Types of web development

1. Front-end development
2. Back-end development
3. Full-stack development

Front-end development

The part of a website where the user interacts directly is termed as front end. This involves designing the structure, layout, and behavior of the website It is also referred to as the ‘client side’ of the application.

The part of the website that users see and interact with. This includes designing the layout, structure, and behavior of the website. 

Frontend Technologies

1. HTML: HTML stands for HyperText Markup Language. It is used to design the front end portion of web pages using markup language. It acts as a skeleton for a website since it is used to make the structure of a website.
2. CSS: Cascading Style Sheets fondly referred to as CSS is a simply designed language intended to simplify the process of making web pages presentable. It is used to style our website.
3. JavaScript: JavaScript is a scripting language used to provide a dynamic behavior to our website.
4. Bootstrap: Bootstrap is a free and open-source tool collection for creating responsive websites and web applications. It is the most popular CSS framework for developing responsive, mobile-first websites. Nowadays, the websites are perfect for all browsers (IE, Firefox, and Chrome) and for all sizes of screens (Desktop, Tablets, Phablets, and Phones).

Frontend Frameworks

• React.js : A popular JavaScript library for building dynamic, component-based user interfaces.
• Angular : A full-fledged framework for building single-page applications (SPAs), with features like two-way data binding and dependency injection.
• Vue.js : A progressive JavaScript framework that is flexible and can be used for building both simple and complex user interfaces.

Back-end development

The server-side software that focuses on what users can't see on the website. This includes databases, application programming interfaces (APIs), and architecture. 

The Backbone of the Web. Backend is the server side of a website. It is part of the website that users cannot see and interact with. It is the portion of software that does not come in direct contact with the users. It is used to store and arrange data.

Server-side Programming Languages-

• PHP: PHP is a server-side scripting language designed specifically for web development.
• Java: Java is one of the most popular and widely used programming languages. It is highly scalable.
• Python: Python is a programming language that lets you work quickly and integrate systems more efficiently.
• Node.js: Node.js is an open source and cross-platform runtime environment for executing JavaScript code outside a browser.
• Ruby: Ruby is a dynamic, reflective, object-oriented, general-purpose programming language.
• C# : C# is a high-level, general-purpose programming language developed by Microsoft.

Databases

1. MySQL
2. PostgreSQL
3. MongoDB
4. MariaDB
5. SQLite

Full-stack development

The practice of designing, building, and maintaining the entire software stack of a web application. This includes both the front-end and back-end components. 
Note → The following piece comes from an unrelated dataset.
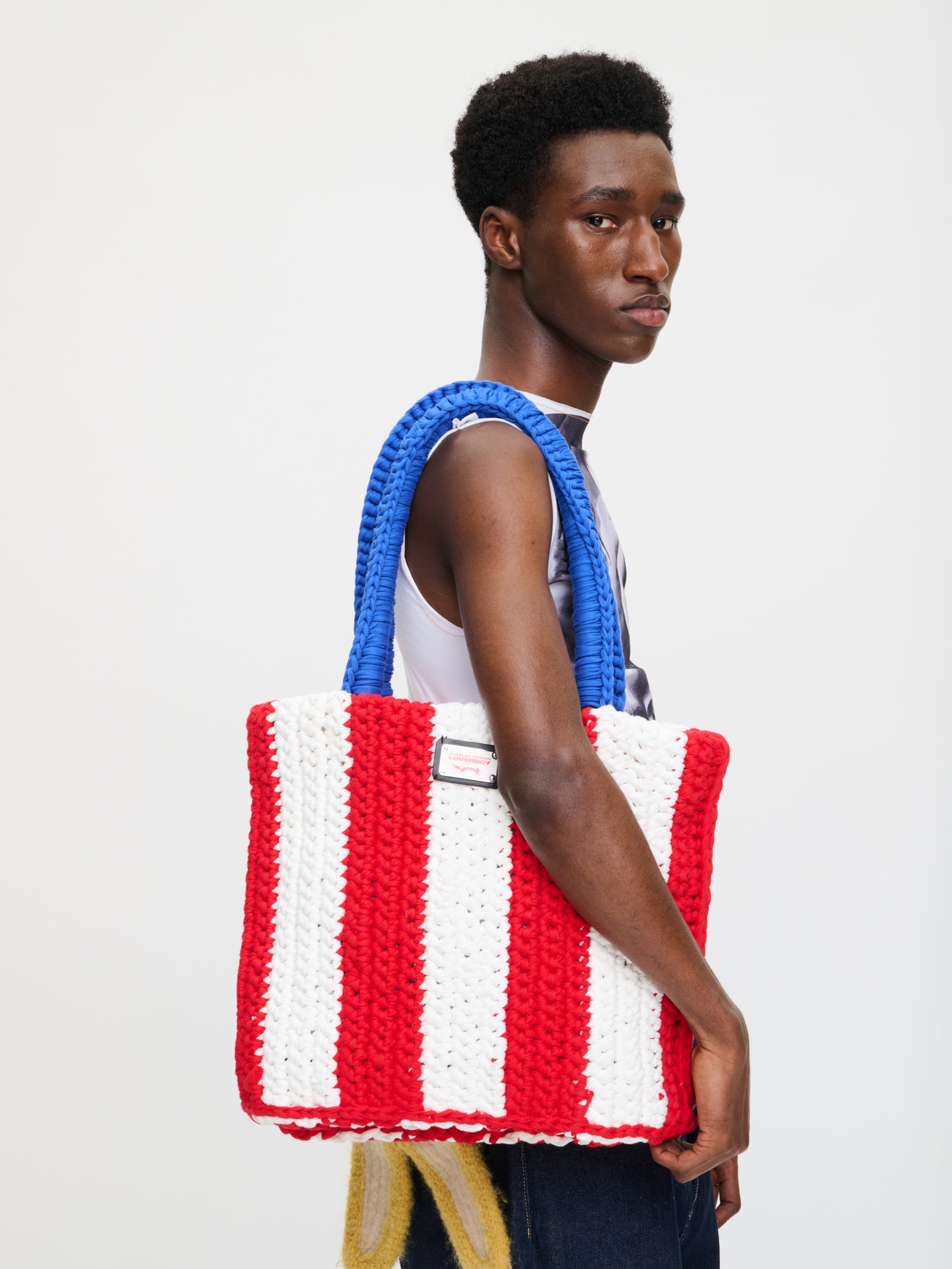 Our Mega Bucket Bag is the perfect throw-all-your-possessions-in tote, but it still has that LOVERBOY edge. An homage to our signature chunky knitwear, it is crocheted from pure cotton and slings comfortably over your shoulder.
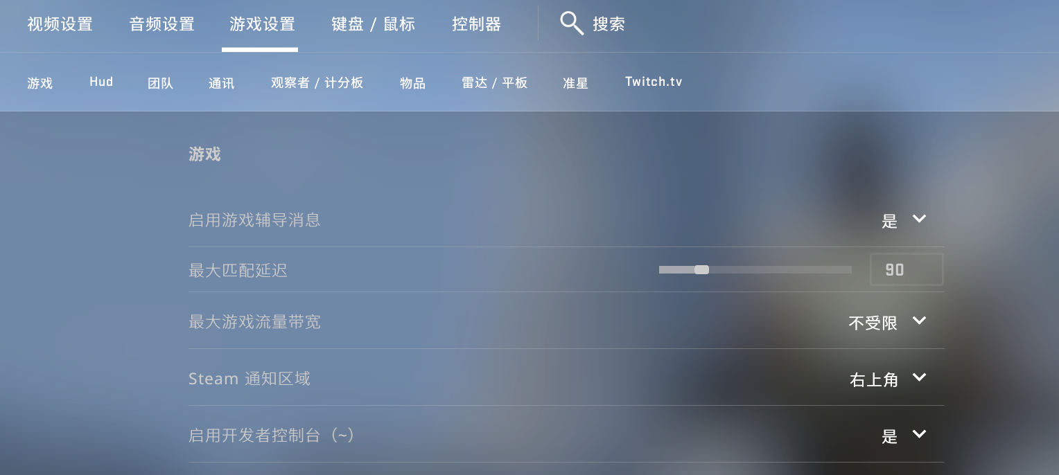 打开CSGO找到设置,选择游戏,启用开发者控制台选择 ”是“

Full-stack development refers to the practice of developing both the frontend and backend of a website or web application. Full-stack developers have a deep understanding of both areas and can build end-to-end solutions.

Full Stack Technologies:

• MERN Stack : MongoDB, Express.js, React, Node.js
• MEAN Stack : MongoDB, Express.js, Angular, Node.js
• JAMstack : JavaScript, APIs, Markup
• Django Stack : Django, MySQL/PostgreSQL, HTML/CSS/JavaScript
• Spring Boot Stack : Spring Boot, MySQL/PostgreSQL, Java
• LAMP Stack : Linux, Apache, MySQL, PHP
• LEMP Stack : Linux, Engine-X, MySQL, PHP

Web development life cycle 

1. Gathering information
2. Planning
3. Design and layout
4. Content creation
5. Development
6. Testing, review, and launch
7. Maintenance and updation

Databases-

1. Relational Database : 

RDBMS stands for Relational Database Management Systems. It is most popular database. In it, data is store in the form of row that is in the form of tuple. It contain numbers of table and data can be easily accessed because data is store in the table. This Model was proposed by E.F. Codd. 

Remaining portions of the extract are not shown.